This is actually my first reply on a forum so forgive me for the negative response rather than something positive

My names Jon Sullivan and I did the cover to Nagash Immortal . I just needed to correct what you've said there .I presume you meant the publishers were not happy with it and decided to change it but that's not correct.The publishers gave it all clear and were happy to publish it but I didn't think it up to standard so quickly knocked out the version that's on the covers now.They needed something straight away though for the catalogues so that art was used even though that first art was more a sketch rough sent in to the publishers.Any ways don't mean to come across as a whinger just thought I would let you guys know.

By the way I have no problems at all with any `negative` responses to my work ,it can encourage good healthy debate and all that which all readers have a right to but I just needed to reply on this one.
Cheers Alavrius and all

Great forum .I often drop in here to pick up the 40k Warhammer vibe to get me in tune for the covers.


----------



## Grendelrt (Feb 9, 2011)

I think your covers are absolutely amazing, so theres a positive to go with the negative haha.


----------



## JSA (Aug 3, 2010)

Grendelrt said:


> I think your covers are absolutely amazing, so theres a positive to go with the negative haha.



Thanks very much.Thats really appreciated


----------



## Tyrannus (Sep 19, 2010)

I am not a big fan of the cover myself, but not because of the style but because of that psuedo homoerotic moment Horus and Fulgrim are having. It just doesn't sit well with me.

I would also like to know how people think it looks anime-esque? 

I just don't see it.


----------



## Worldkiller (Jun 16, 2010)

Two guys looking at each other is homoerotic to you?


----------



## Tyrannus (Sep 19, 2010)

Worldkiller said:


> Two guys looking at each other is homoerotic to you?


No.

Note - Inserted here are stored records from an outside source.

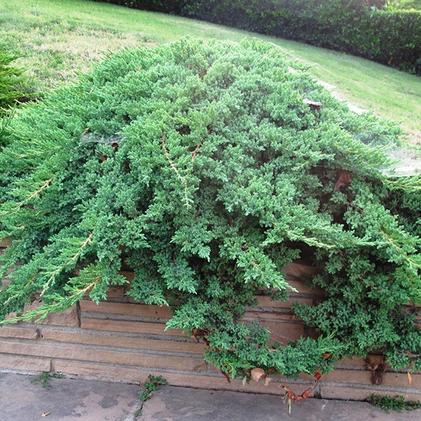 Можжевельник Нана (Nana) - лежачий хвойный кустарник с жесткой, стелющейся кроной. Его ветви имеют четкую горизонтальную направленность, очень плотно прилегают друг к другу.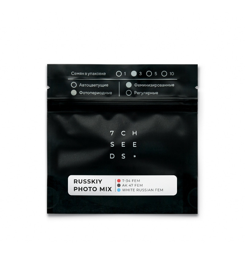 Сидбанк «Семяныч» рад представить вам коллекцию семян конопли Russkiy Photo Mix, в которую входят три проверенных временем неубиваемых фотопериодных сорта – White Russian, Ak 47 и T-34. Их названия и генетика, так или иначе, связаны с Россией, что довольно символично, ведь эти растения обладают сокрушительной мощью, надежной генетической составляющей и высоким уровнем стрессоустойчивости. С ними сможет справиться даже начинающий гровер. Они будут комфортно чувствовать себя в аутдоре практически в любом месте, что существенно расширяет географию их высадки, позволяя жителям регионов с переменчивым климатом получить качественный готовый продукт с богатой вкусоароматической палитрой и убойной силой воздействия. Если вы не уверены в своих силах или проживаете в северной части умеренного климатического пояса, то эти растения как раз для вас!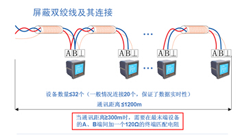現場儀表以手拉手方式通過屏蔽雙絞線(RVVSP2*1.0)進行通訊連接,每根總線連接智能儀表數量在20只左右,然后將數據上傳至串口服務器NPORT5410,進而將數據上傳至當地監控終端。具體連接示意圖如下所示: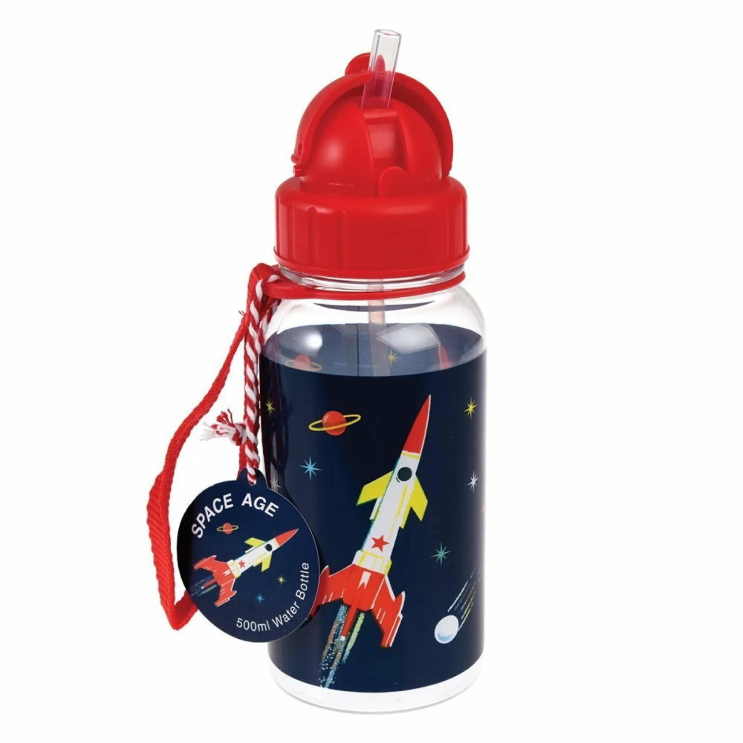 Keep your kids happy and hydrated with this reusable water bottle- Space Age. Contains a built-in straw for easy drinking. Built-in strawHand washVolume: 500ml Material: Plastic BPA FreeProduct Dimensions: Width: 7cm. Length: 7x20cm. Weight: 94gPackaged product dimensions: Width: 7cm. Length: 7x20cm. Weight: 94g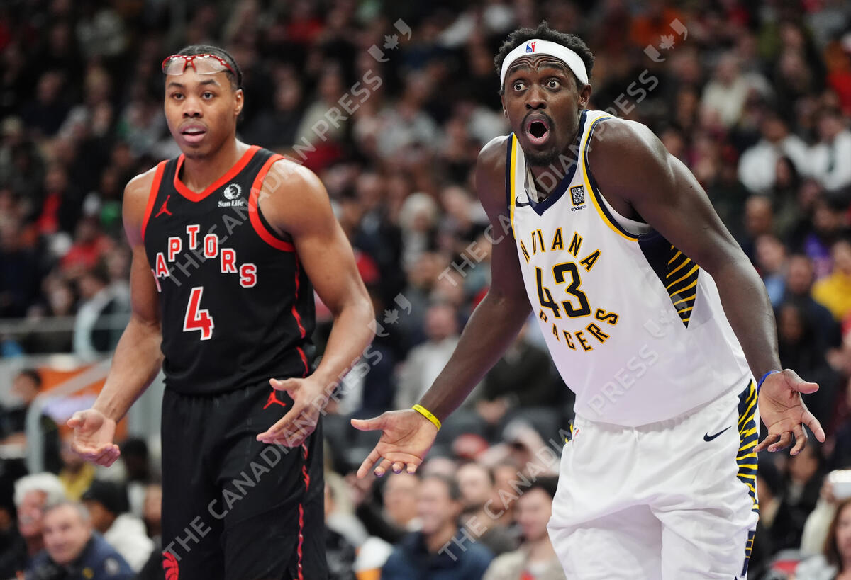 Indiana Pacers' Pascal Siakam (43) reacts to a foul call as Toronto Raptors' Scottie Barnes (4) looks on during second half NBA basketball action in Toronto on Tuesday, December 3, 2024. THE CANADIAN PRESS/Frank Gunn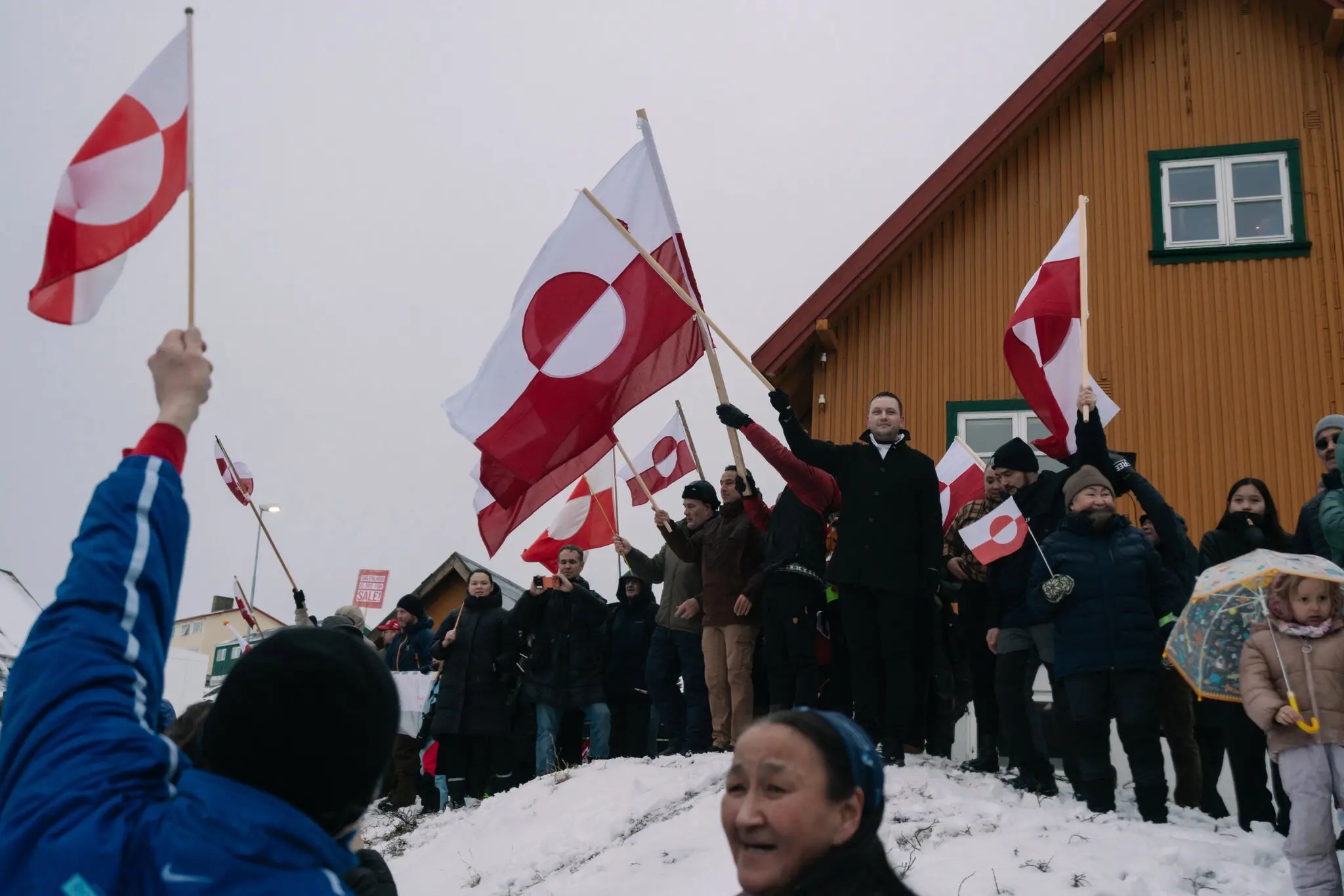 Above, the flag and coat of arms of Greenland. Below, the flag and coat of arms of Iceland.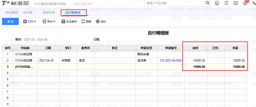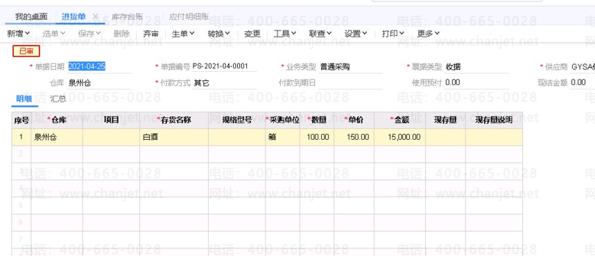 以上是做一张进货单涉及的仓库及应付款。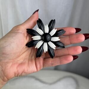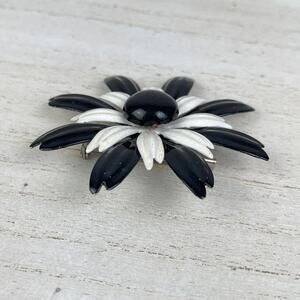 VTG 1960’s Black White Daisy Flower Brooch Pin Metal & Enamel Mod Style 60’s

One guy with his hand on the shoulder of another smaller guy's shoulder while looking at each other the way they are and smiling is Psuedo-homoerotic to me and the key word here is pseudo.

And one of the definitions of psuedo is: almost, approaching, or trying to be. 

If you just see two guys looking at each other then fair enough, I on the otherhand have a different perspective on the cover hence why I personally have a different opinion on it.


----------



## Alvarius (May 10, 2011)

Jon Sullivan!

I really appreciate you responding and clarifying the matter with Nagash Immortal. Although I am less happy with the front to The Primarchs I would like to say that you are doing a great job. My posts here on the forum is mainly about the pictures as art is a great interest to me.

In order not to seem like an asshole who only complain I would lift up the works that I think is wonderful.

Aenarion, Battle of the Fang, Hells Reach, Wrath of Iron, Dread Winter, Catechism of Hate. 

Continue to deliver!


----------